** Opening Materials provided block **

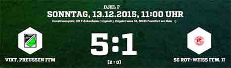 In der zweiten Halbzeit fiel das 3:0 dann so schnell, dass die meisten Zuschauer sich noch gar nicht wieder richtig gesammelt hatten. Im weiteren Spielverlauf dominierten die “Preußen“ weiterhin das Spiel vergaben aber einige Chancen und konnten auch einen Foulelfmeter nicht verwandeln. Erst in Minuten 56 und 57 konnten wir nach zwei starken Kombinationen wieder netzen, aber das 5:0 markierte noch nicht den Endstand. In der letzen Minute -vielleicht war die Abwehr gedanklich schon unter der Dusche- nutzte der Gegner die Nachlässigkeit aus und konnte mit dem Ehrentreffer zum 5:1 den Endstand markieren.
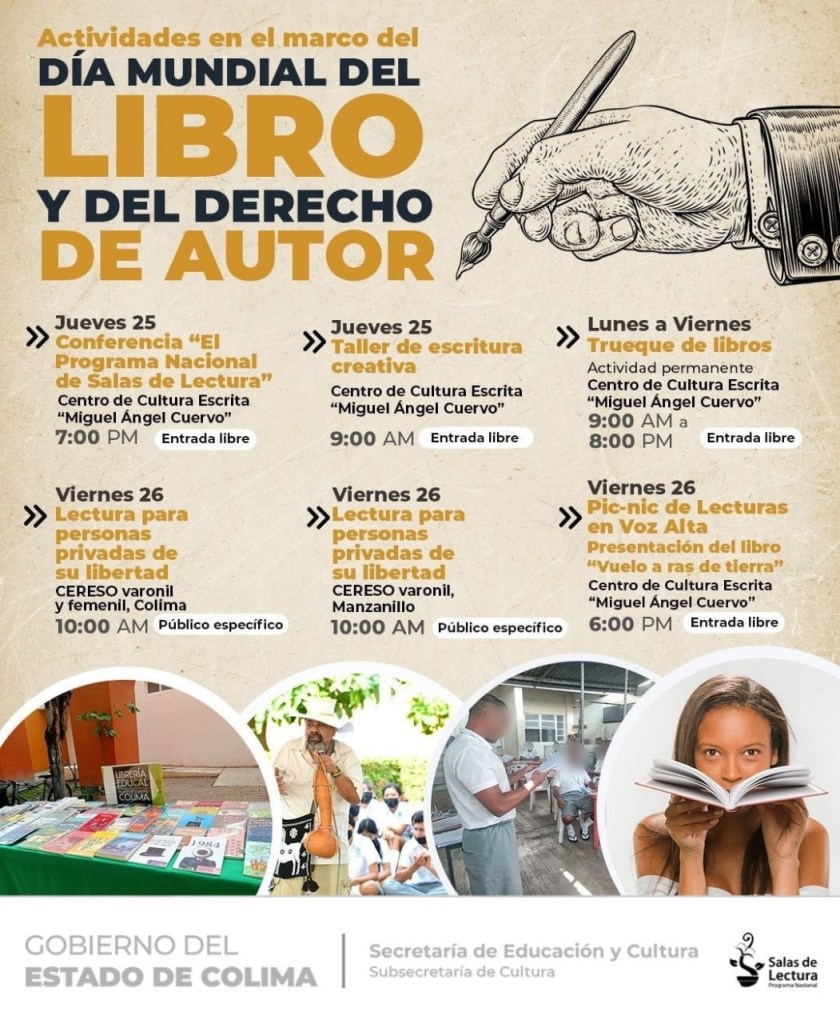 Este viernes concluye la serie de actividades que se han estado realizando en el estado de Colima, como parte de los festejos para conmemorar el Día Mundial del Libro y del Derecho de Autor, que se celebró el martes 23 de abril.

** Closing Materials provided block **
** Opening Materials provided block **

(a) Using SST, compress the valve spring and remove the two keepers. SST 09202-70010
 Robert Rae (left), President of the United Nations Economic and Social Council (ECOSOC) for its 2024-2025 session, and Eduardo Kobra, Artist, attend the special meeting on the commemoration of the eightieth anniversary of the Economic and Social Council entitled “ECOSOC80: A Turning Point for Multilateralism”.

** Closing Materials provided block **

## Your objective
The exact lines of the material above starting at the one that contains "(a) Using SST, compress" and ending at the one that contains "Robert Rae (left), President" are what to retype; leave out everything else.

## Exercise solution
(a) Using SST, compress the valve spring and remove the two keepers. SST 09202-70010
 Robert Rae (left), President of the United Nations Economic and Social Council (ECOSOC) for its 2024-2025 session, and Eduardo Kobra, Artist, attend the special meeting on the commemoration of the eightieth anniversary of the Economic and Social Council entitled “ECOSOC80: A Turning Point for Multilateralism”.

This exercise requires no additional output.